# Platinum Precipitation



## kroutonz (Feb 26, 2011)

I boiled the pgm's in aqua regia then filtered, then evaporated two times to not totally syrup, but close. dark red color. 

I added HCL after each evaporation, but when I tried to precipitate pt nothing happened. Is it possible theres still nitrates in the solution? i didn't see much brown fumes when evaporating/boiling AR, but its only 10ml or so nitric.

Does the pt solution / ammonium chloride need to be hot to precipitate?

I left after like 30 minutes, is it possible I'll go back and see a precipitant?


----------



## lazersteve (Feb 26, 2011)

What does a sample of the solution test like to DMG followed by a stannous chloride test? 

What was the source of the PGMs?

Steve


----------



## kroutonz (Feb 26, 2011)

4-5lbs of catalytic converter material. Tests positive still for both pt, pd. I think its mostly pt.


----------



## kroutonz (Feb 26, 2011)

And thats with stannous. I don't have DMG.


----------



## lazersteve (Feb 27, 2011)

Without DMG it's very difficult to discern Pt in the presence of Pd with stannous chloride. The proper test procedure is to remove the Pd with DMG, then test the resulting filtered solution with stannous for Pt.

At this point you can still zinc out the mixed PGMs and remove the Pd with nitric acid after cleaning off the zinc with 20% sodium hydroxide as Lou has posted.

After you strip the mixed powder with nitric you'll know if you have more than just Pd if there is a residue and fresh nitric no longer reacts with it.

Steve


----------



## kroutonz (Feb 27, 2011)

Can I just sodium chlorate pd out? I know there is definitley both I just assumed it was more platinum since the color was red, and the stannous was bright red/orange at first then turning black/yellowish.


----------



## Lou (Feb 27, 2011)

The separation of ammonium hexachloropalladate and ammonium hexachloroplatinate is not an easy one. Many seem to think that one can have a 50/50 HCl solution of Pd and Pt and separate them with 100% efficiency. Any residual chlorine present (or nitric acid) guarantees palladium contamination in the platinum salt regardless of how you wash it.


----------



## patnor1011 (Feb 27, 2011)

I can help if you need DMG just for testing. 
http://goldrefiningforum.com/phpBB3/viewtopic.php?f=58&t=9158


----------



## kroutonz (Feb 27, 2011)

OK well I tried to evaporate the solution again(to syrup this time) This time I got blackish residue at the bottom which didn't really look like the crystals in the dvd, but I re staturated with hcl and most of it re dissolved. What didn't I filtered, and kept the filter.
I then tried to drop any pt again. I assumed there was nitrates last time but they must be gone now. Again nothing, or very little. so I moved on to the pd. I dropped a couple miniscule amounts of sodium chlorate expecting a bubbling but it didn't happen. I did get a precipitate from the sodium chlorate though, which I filtered and was a redish/brown powder thats drying now. The solution was still a redish color so I stannous tested and still got results for what i think is pt and pd. It turned bright orange then alot lighter of a black/yellowish color for the pd vs last times dark black color.

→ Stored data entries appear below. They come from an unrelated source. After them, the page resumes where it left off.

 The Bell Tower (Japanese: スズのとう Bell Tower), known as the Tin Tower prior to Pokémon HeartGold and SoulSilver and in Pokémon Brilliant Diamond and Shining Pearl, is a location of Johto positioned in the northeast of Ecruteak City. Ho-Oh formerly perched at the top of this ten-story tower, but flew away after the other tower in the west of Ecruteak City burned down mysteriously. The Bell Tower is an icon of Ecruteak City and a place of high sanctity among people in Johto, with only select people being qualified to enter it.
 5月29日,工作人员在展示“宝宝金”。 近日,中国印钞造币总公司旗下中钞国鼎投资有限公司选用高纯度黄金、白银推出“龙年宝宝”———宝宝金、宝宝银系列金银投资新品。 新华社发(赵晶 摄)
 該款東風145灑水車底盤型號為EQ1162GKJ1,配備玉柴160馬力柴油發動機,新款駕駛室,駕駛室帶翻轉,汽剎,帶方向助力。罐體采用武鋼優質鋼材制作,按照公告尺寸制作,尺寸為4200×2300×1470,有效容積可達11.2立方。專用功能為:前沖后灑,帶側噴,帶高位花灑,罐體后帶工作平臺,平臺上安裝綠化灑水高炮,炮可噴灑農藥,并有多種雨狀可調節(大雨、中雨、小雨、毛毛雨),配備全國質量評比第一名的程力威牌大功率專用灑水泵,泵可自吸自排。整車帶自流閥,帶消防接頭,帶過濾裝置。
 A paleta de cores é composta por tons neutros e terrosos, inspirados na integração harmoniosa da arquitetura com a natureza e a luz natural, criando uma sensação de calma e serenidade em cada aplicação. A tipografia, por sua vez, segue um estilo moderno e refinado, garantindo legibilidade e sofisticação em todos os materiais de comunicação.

I'll try and get the remaining pd out of the solution, but based on others stannous tests, and the color still in the solution I'm pretty sure theres pt. Does the pt solution need to be heated to drop, or ammonium chloride need to be heated to drop any, or can it be done at room temperature, the heat is just to dissolve more ammonium chloride?

What would be the ramifications of just throwing the solution back into my bucket thats processing cats assuming theres still some ammonium chloride in it?
Would the ammonium chloride from last time be evaporated with the nitric when I'm denoxxing? 

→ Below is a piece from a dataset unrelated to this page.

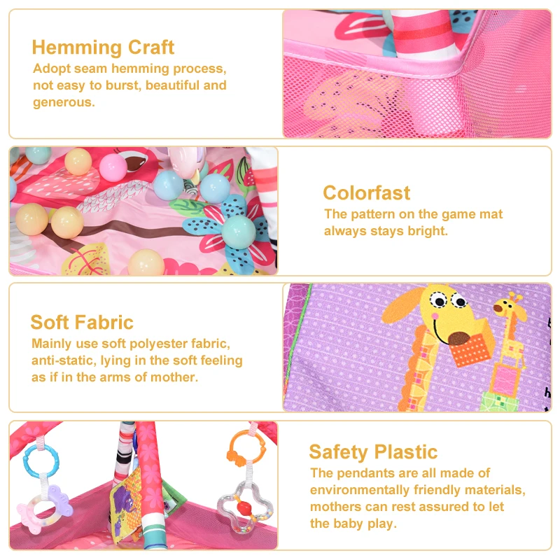 1. It is suitable for newborn babies, lying down to play, the small pendant on the fitness frame can attract the baby’s attention, exercise the baby’s visual development and movement development.
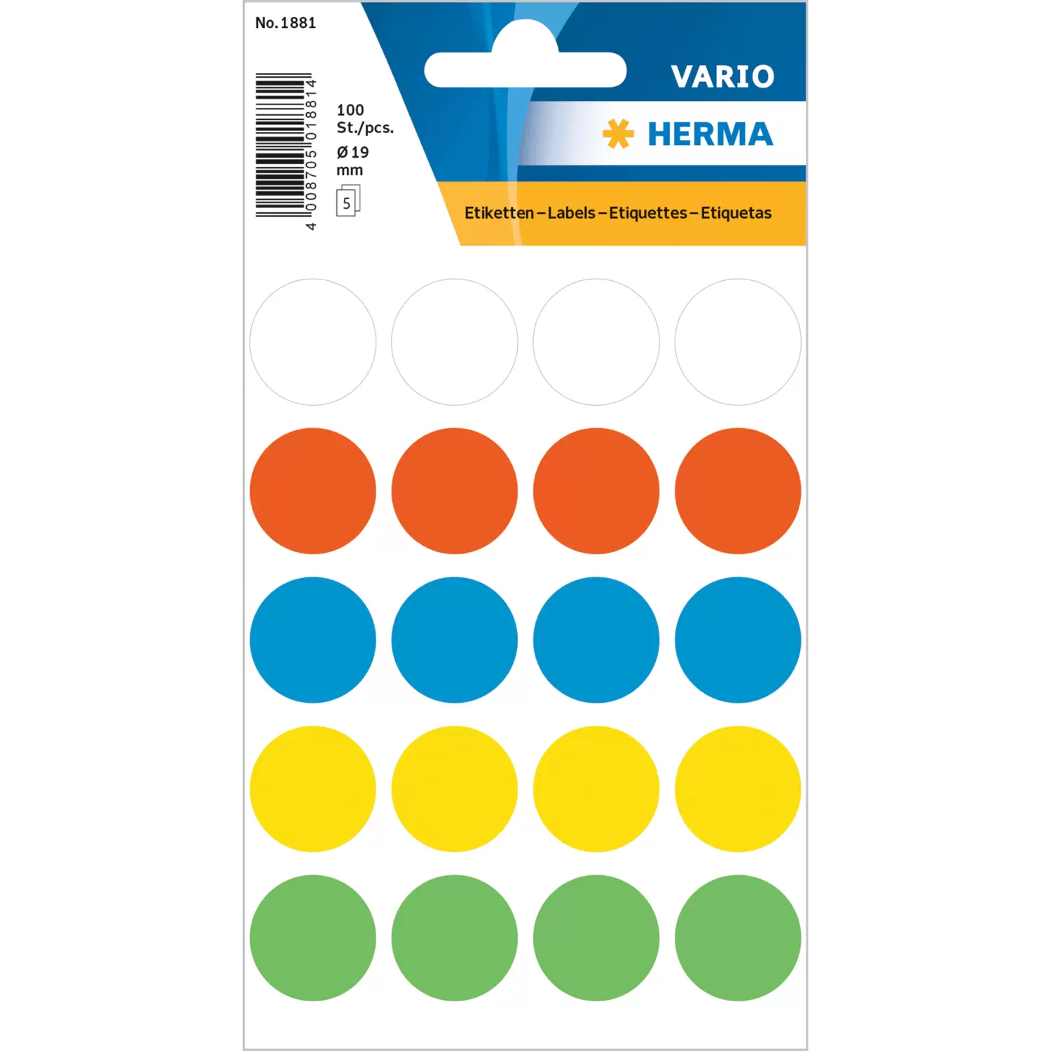 Multipurpose-etiketten, Ø 19 mm, rond kleuren gesorteerd permanent hechtend, om met de hand te besch

I'm going to calcine this powder and try and melt it later tonight/tomorrow, but any help is appreciated greatly.


----------



## kroutonz (Feb 27, 2011)

For the filters I never found out how you guys get the powder off without any filter paper/ not leaving 50%+ powder on the papers? my ammonium palladium has a very thin later of paper.. Can I just burn this off in the calcining process?


----------



## kroutonz (Feb 27, 2011)

Well you guys helped me in another thread, with the sulfuric acid method, but that seems dangerous, and I know 90% of the people on here don't do that. Do you guys wait til the filter is completely dry, or scrape it while its wet into a ball? My "powder" was mud colored, and textured. It didn't have much moisture in it after 2-3 hours in the sun/heat.


----------



## lazersteve (Feb 27, 2011)

I thoroughly rinse my colored PGMs salts with a diluted ammonium chloride solution (~15%). 

The dried salts barely stick to the filter paper. I rinse what does stick to the paper into a stock pot for PGMs and pitch the filter paper in the PGMs burn pile for PGM paper waste. 

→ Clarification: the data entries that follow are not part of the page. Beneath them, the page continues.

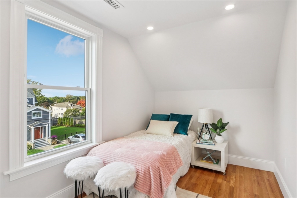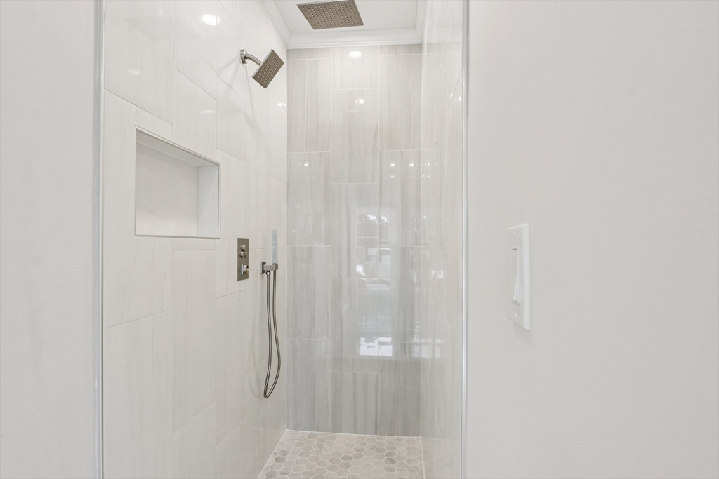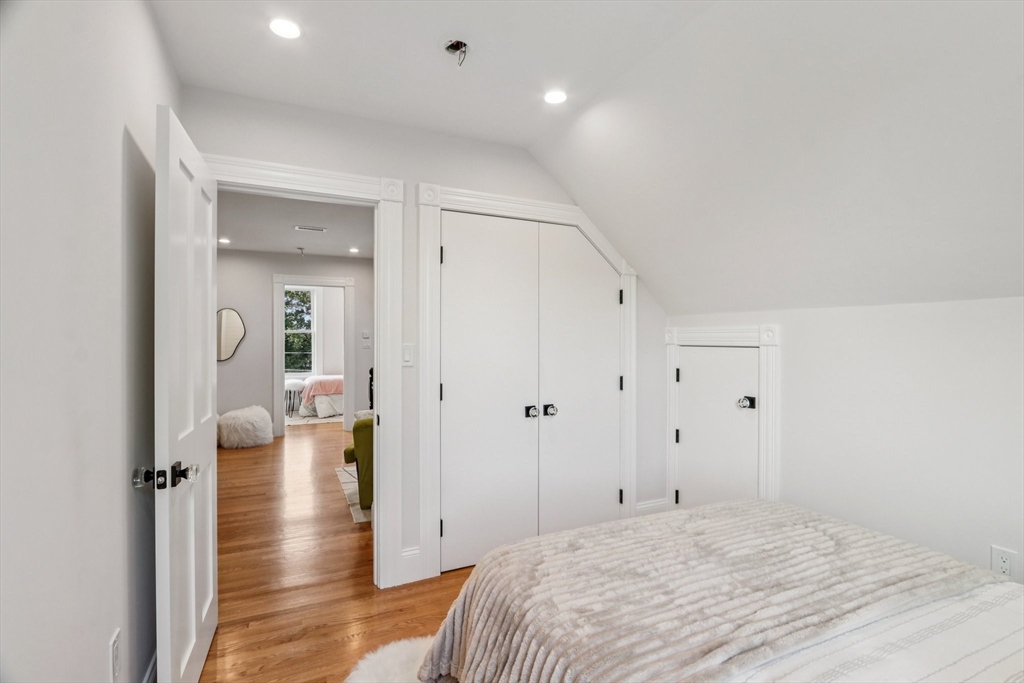 Welcome to 183 Temple Street in West Roxbury—beautifully renovated and restored to its original charm. This impressive 10-room, 5-bedroom, 3.5-bath home offers timeless character blended with modern luxury across three levels. The main floor features a welcoming foyer with open staircase, elegant living room, powder room, and a chef’s kitchen w/ high-end appliances, custom cabinetry, quartz countertops and backsplash, oversized island, high ceilings, and open flow to the dining room. The second level includes three bedrooms, laundry, and a spacious primary suite with dual walk-in closets and a spa-like bath with double vanity, soaking tub, and walk-in shower. The third floor offers two additional bedrooms, a full bath, and flexible bonus space. Exterior updates include new siding, windows, roof, driveway, deck, and a large private fenced yard. Unfinished basement offers storage or expansion potential. Convenient to Centre Street shops, dining, and commuter rail. Open Sat & Sun 11:30-1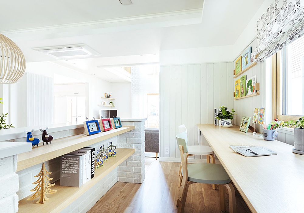 階段を上がったところに多目的なフリースペースを設ける間取りはスウェーデンハウスらしい特徴のひとつ。現在は、この家が建ってから生まれた次女の勉強スペースに。今後、家族の成長とともに使い方が変わっていくことだろう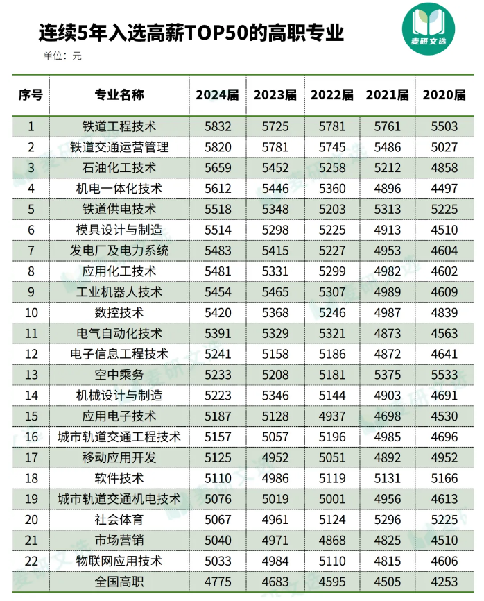 哪些高职专业毕业半年后月收入能连续五年稳居TOP50?这些长期上榜专业的薪资表现与增长趋势如何?麦可思研究数据为你揭晓——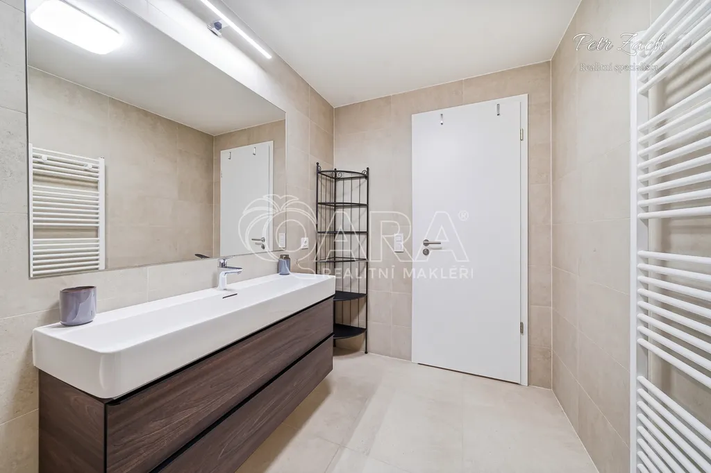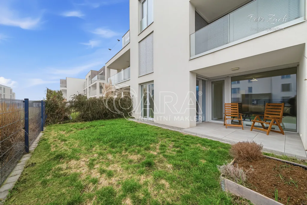 Dominantou bytu je prostorný obývací pokoj s kuchyňským koutem, který je vybaven kuchyňskou linkou se spotřebiči (myčka, trouba, lednice). Díky velkým oknům je prostor krásně prosvětlený a působí velmi vzdušně. Ložnice nabízí dostatek soukromí a klidu. Velkým benefitem bytu je také prostorná šatna, která poskytuje dostatek úložného prostoru. Koupelna je moderně řešená a součástí bytu je také samostatné WC. Velkou výhodou bytu je přímý vstup na venkovní prostor (zahrádka/terasa), který poskytuje ideální místo pro odpočinek, ranní kávu nebo posezení s přáteli.

What type of filter paper are you using?

Steve


----------



## kroutonz (Feb 28, 2011)

I'm pretty sure my filters arn't that great. They're lab nerd or something or other that came with a vacuum pump kit. To wash the salts should i just wash them into a jar with the dilute solution and stir/shake them well?


----------



## kroutonz (Feb 28, 2011)

to purify the powder should I just dissolve in ammonia water or ammonium hydroxide and drop it back out with hcl, then filter?


----------



## lazersteve (Feb 28, 2011)

kroutonz said:


> I'm pretty sure my filters arn't that great. They're lab nerd or something or other that came with a vacuum pump kit. To wash the salts should i just wash them into a jar with the dilute solution and stir/shake them well?



As I demonstrate on my Fundamentals of Pt and Pd DVD, you rinse the salts while they are still in the filter.

Pd is purified as detailed here:

Purifying Dirty Pd Salts

Conversion of the resulting colored powders (Pd and Pt) can be converted using the posted by Lou and detailed here:

Converting Pd and Pt Colored salts to metal powder

Steve


----------



## kroutonz (Mar 1, 2011)

Well I tried today and used 2.5% ammonia on accident. I dropped what I dissolved with zinc, and I will take the filter that I thought contained contaminents and boil that in AR. Oh well. I did learn there was probably no pt/ very very little. 
I guess I'll order some good filters while I wait to reboil/ precipitate the pd again.


----------